▸ Work instruction
Write again exactly the lines in the listing below, starting at the line with "ばなな組も武蔵野公園へ!朝の" and ending at the line with "- Remove and", both included. Pictures are not copied.

▸ Records for this task
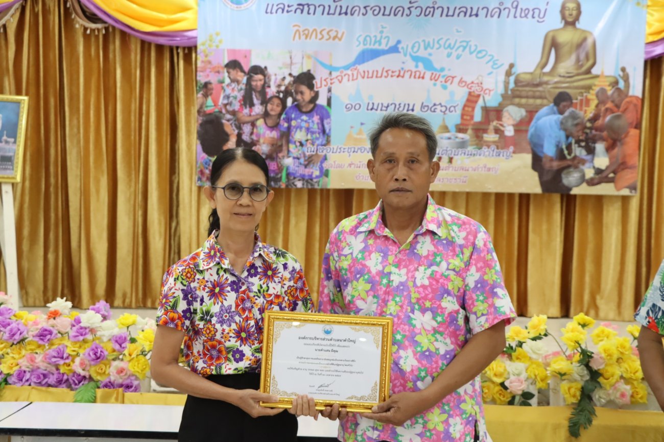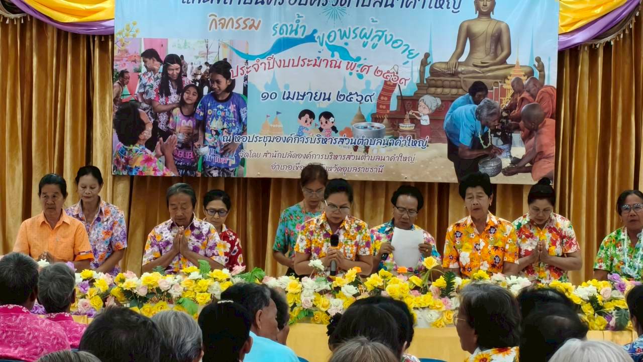 องค์การบริหารส่วนตำบลนาคำใหญ่ ได้ดำเนินจัดโครงการส่งเสริมกิจกรรมผู้สูงอายุเเละสถาบันครอบครัวตำบลนาคำใหญ่ (กิจกรรมรดน้ำ ขอพรผู้สูงอายุ) ประจำปีงบประมาณ พ.ศ.2569 โดยมี ร้อยตรีส่งสูงศักดิ์ หงษาวงศ์ นายกองค์การบริหารส่วนตำบลนาคำใหญ่ เป็นประธานในพิธี นางสาวกฤติยาธรณ์ รีพล ปลัดอบต. ผู้กล่าวรายงาน พร้อมด้วย คณะผู้บริหาร , สมาชิสภา , หัวหน้าส่วนราชการ , พนักงานอบต. โดยโครงการนี้จัดขึ้น เพื่อส่งเสริมอนุรักษ์สืบทอดประเพณีเเละวัฒนธรรมอันดีงามของไทย ส่งเสริมการเเสดงความกตัญญูต่อผู้อาวุโส เเละผู้สูงอายุ ยกย่องเชิดชูเกียรติ ผู้สูงอายุ ส่งเสริมให้ผู้สูงอายุเเสดงความสามารถ และเป็นการสร้างความรักสามัคคีของคนในชุมชน การเล่นน้ำสงกรานต์ บรรยากาศเป็นไปด้วยความสุข สนุกสนาน
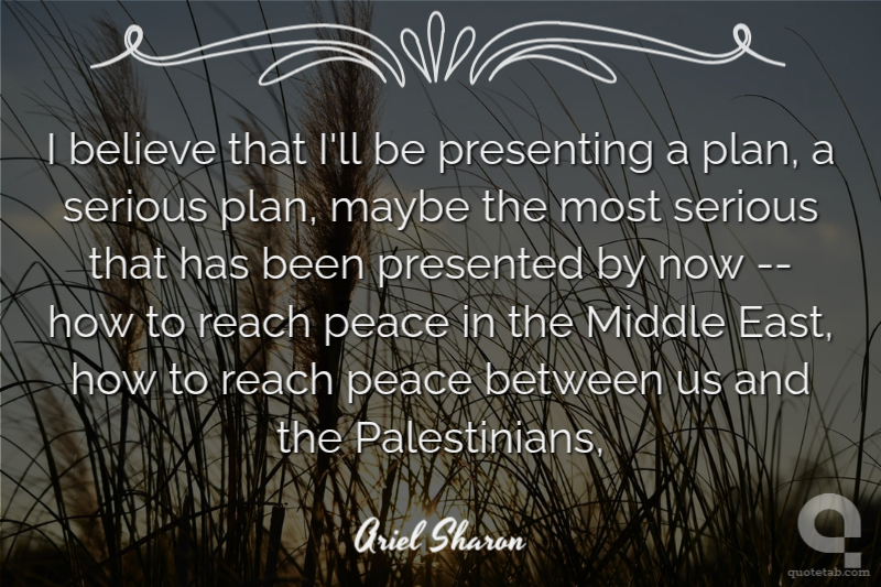I believe that I'll be presenting a plan, a serious plan, maybe the most serious that has been presented by now -- how to reach peace in the Middle East, how to reach peace between us and the Palestinians,
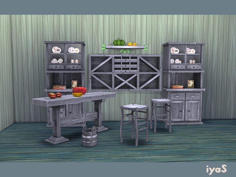 В наборе: Буфет, кастрюли в форме помидорок, бутерброды из помидорок, полочки с листьями, ведро молока, высокий стул, обеденный стол, настенные шкафы.
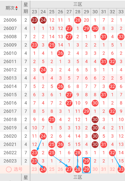 双色球三区(23-33)
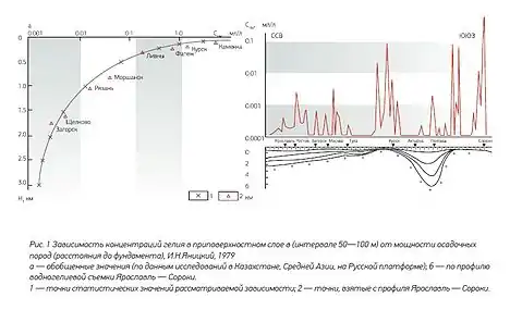 - Распределение стационарного потока гелия в осадочном чехле, определяется близостью (рис. 1), возрастом фундамента, мощностью осадочного чехла и общей его проницаемостью, то есть наличию глубинных разломов (рис. 2).
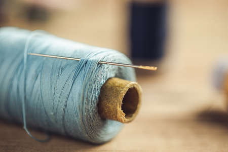 Blue sewing thread close-up with copy space. The thread is made of cotton and synthetics for the production of clothing.
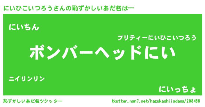 | ヘコむあだ名 | 『にいひこいつろう(笑)』『なまこ酢』 |
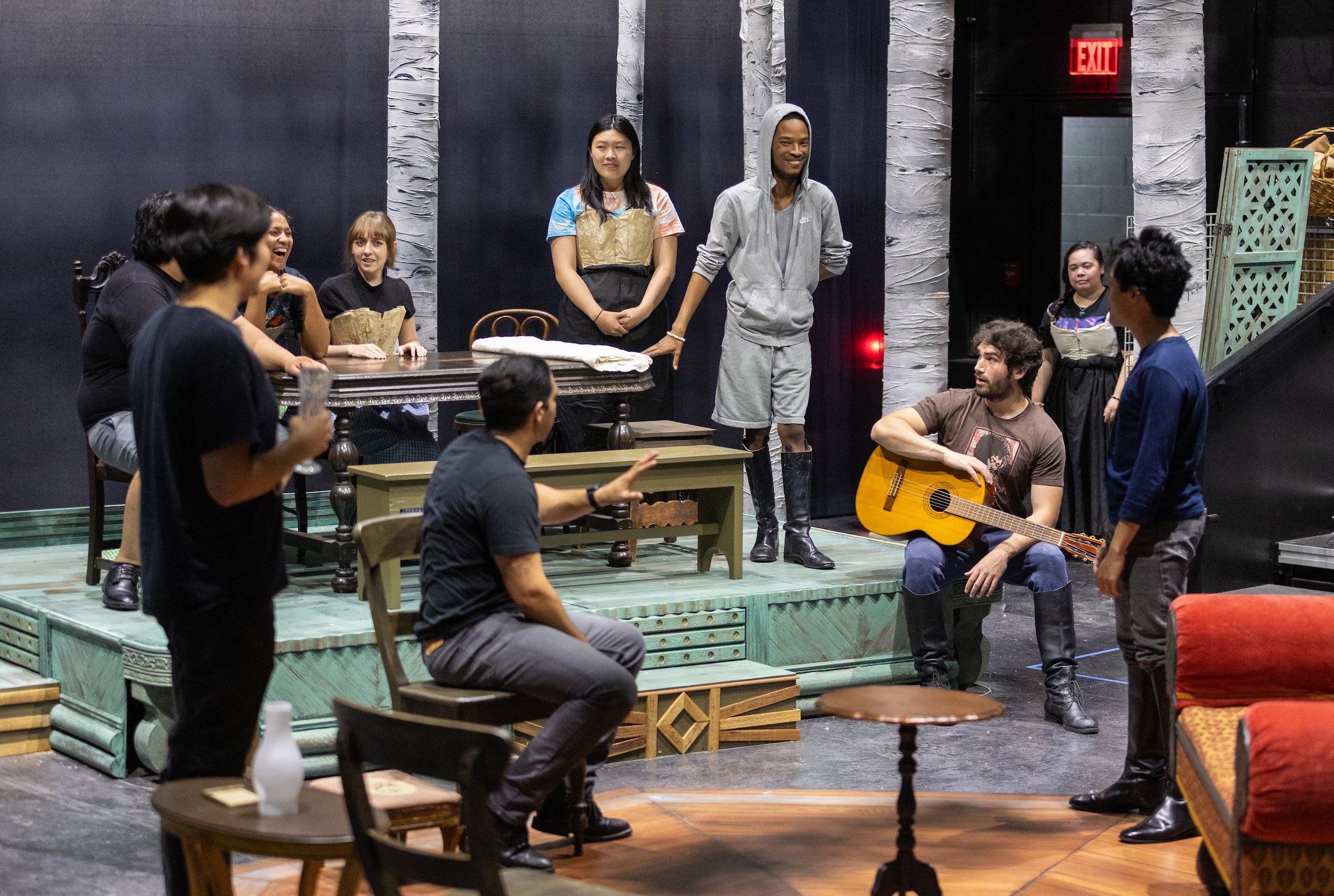 The interactions, whether the nuanced reactions between characters or the larger choreography of marching soldiers, falls under the careful eye of director Merlin. Merlin has over 25 years working in theater, film, television, and radio and is an author and college professor of directing and acting. She is grounded in the Stanislavsky method of acting where the actors walk onto the stage as if in the continuum of the character’s life while focusing on the character’s psychological state, reacting to the others on stage realistically as if living in the unfolding moment of lived experience. Coincidently, Chekhov and Stanislavsky were close friends who inspired each other until Chekhov’s untimely death from tuberculosis in 1906.
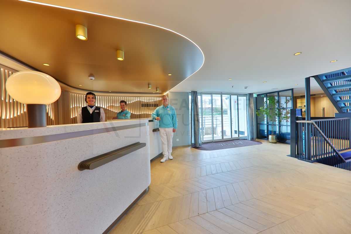 Der Flusskreuzfahrtschiff-Neubau MS Amina von Phoenix Reisen überzeugt gleich nach dem Durchschreiten der großen Glastüren. Das Foyer zeigt sich wie bei den älteren Schwesterschiffen in dezentem, ansprechenden Farbdesign. Sofort ins Auge fällt die LED-Leinwand, die sich über alle drei Decks durch das Foyer erstreckt und dauerhaft einen Wasserfall zeigt. Völlig neu ist die Anordnung der Rezeption und des Phoenix-Schalters, die sich auf dem Saturndeck befinden. Insgesamt wirkt das Foyer wieder wie in einem kleinen Boutique Hotel. Zwei kleine Sitzecken, eine kleine Bord-Boutique und einen Wasserspender findet man ebenfalls im Bereich der Rezeption. Der Weg zu den „neuen“ Kabinen ist hinter einer mit Pflanzen begrünten Trennwand „versteckt“. Der Gesamteindruck ist sehr positiv, insbesondere durch die moderne und ansprechende „Wasserfall-Wand“.
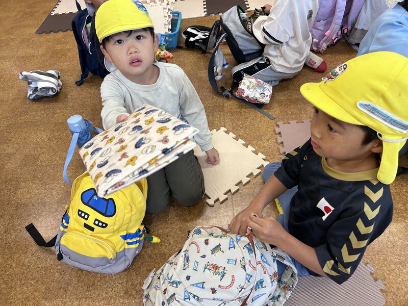 ばなな組も武蔵野公園へ!朝の会でリュックに入れるものを確認して出発!レジャーシート持ったよー!
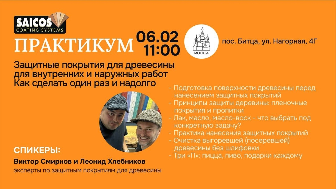 Приглашаем всех желающих на практикум «Защитные покрытия для древесины для внутренних и наружных работ: как сделать один раз и надолго»!
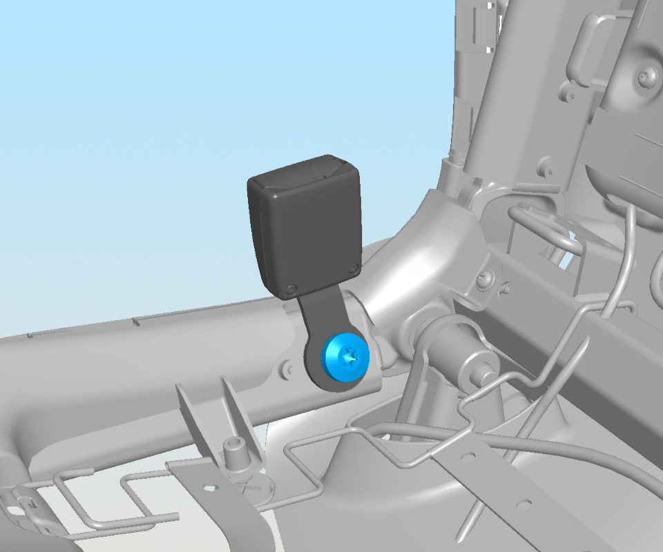- Remove and discard the fastener that secures the buckle assembly to the seat frame (torque 45 Nm).
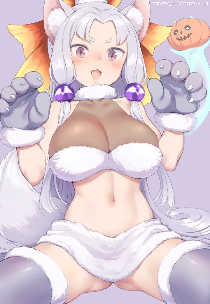 Tags: :3animal ear fluffanimal earsanimal handsblushbreastscleavagefemalefur collarfur trimfur-trimmed legwearghostglovesgrey hairgrey thighhighshair ornamenthalloween costumejack-o'-lanternlarge breastslong hairopen mouthpaw glovespaw posepurple backgroundpurple eyessidelockssleevelesstailthighhighsvery long hair

▸ Answer section
 ばなな組も武蔵野公園へ!朝の会でリュックに入れるものを確認して出発!レジャーシート持ったよー!
 Приглашаем всех желающих на практикум «Защитные покрытия для древесины для внутренних и наружных работ: как сделать один раз и надолго»!
- Remove and discard the fastener that secures the buckle assembly to the seat frame (torque 45 Nm).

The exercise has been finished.